**EXERCISE INPUT**
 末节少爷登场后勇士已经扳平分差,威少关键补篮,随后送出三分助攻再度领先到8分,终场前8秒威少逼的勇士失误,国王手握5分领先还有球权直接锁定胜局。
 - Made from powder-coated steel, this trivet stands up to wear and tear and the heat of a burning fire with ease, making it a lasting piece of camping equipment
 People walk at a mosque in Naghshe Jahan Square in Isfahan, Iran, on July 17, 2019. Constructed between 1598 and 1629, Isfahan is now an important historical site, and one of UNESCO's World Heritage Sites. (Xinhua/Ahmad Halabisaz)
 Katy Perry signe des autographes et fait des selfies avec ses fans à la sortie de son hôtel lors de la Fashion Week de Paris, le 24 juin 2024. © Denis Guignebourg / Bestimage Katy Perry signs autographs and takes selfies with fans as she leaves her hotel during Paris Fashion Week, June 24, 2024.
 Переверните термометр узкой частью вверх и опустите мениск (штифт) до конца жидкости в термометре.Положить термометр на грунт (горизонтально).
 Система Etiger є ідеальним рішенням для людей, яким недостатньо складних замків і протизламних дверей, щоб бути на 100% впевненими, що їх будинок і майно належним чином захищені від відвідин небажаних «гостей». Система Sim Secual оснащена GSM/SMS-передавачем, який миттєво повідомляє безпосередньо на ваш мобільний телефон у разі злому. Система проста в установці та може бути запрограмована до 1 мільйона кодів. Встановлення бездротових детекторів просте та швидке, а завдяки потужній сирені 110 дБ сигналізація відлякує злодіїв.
---
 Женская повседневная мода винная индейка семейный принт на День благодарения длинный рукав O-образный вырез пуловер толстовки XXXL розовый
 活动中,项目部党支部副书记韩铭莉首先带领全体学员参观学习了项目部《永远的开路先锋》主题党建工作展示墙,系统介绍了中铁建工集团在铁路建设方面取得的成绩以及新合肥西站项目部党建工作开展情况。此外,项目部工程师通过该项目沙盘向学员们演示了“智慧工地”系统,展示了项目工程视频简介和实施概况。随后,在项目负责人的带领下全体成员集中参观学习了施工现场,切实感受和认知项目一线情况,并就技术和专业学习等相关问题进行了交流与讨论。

**PROBLEM STATEMENT**
Which lines above run from the one containing "末节少爷登场后勇士已经扳平分" down to the one containing "Система Etiger є"? Repeat exactly those, both ends included, and nothing else.

**REPLY TO THE TASK**
 末节少爷登场后勇士已经扳平分差,威少关键补篮,随后送出三分助攻再度领先到8分,终场前8秒威少逼的勇士失误,国王手握5分领先还有球权直接锁定胜局。
 - Made from powder-coated steel, this trivet stands up to wear and tear and the heat of a burning fire with ease, making it a lasting piece of camping equipment
 People walk at a mosque in Naghshe Jahan Square in Isfahan, Iran, on July 17, 2019. Constructed between 1598 and 1629, Isfahan is now an important historical site, and one of UNESCO's World Heritage Sites. (Xinhua/Ahmad Halabisaz)
 Katy Perry signe des autographes et fait des selfies avec ses fans à la sortie de son hôtel lors de la Fashion Week de Paris, le 24 juin 2024. © Denis Guignebourg / Bestimage Katy Perry signs autographs and takes selfies with fans as she leaves her hotel during Paris Fashion Week, June 24, 2024.
 Переверните термометр узкой частью вверх и опустите мениск (штифт) до конца жидкости в термометре.Положить термометр на грунт (горизонтально).
 Система Etiger є ідеальним рішенням для людей, яким недостатньо складних замків і протизламних дверей, щоб бути на 100% впевненими, що їх будинок і майно належним чином захищені від відвідин небажаних «гостей». Система Sim Secual оснащена GSM/SMS-передавачем, який миттєво повідомляє безпосередньо на ваш мобільний телефон у разі злому. Система проста в установці та може бути запрограмована до 1 мільйона кодів. Встановлення бездротових детекторів просте та швидке, а завдяки потужній сирені 110 дБ сигналізація відлякує злодіїв.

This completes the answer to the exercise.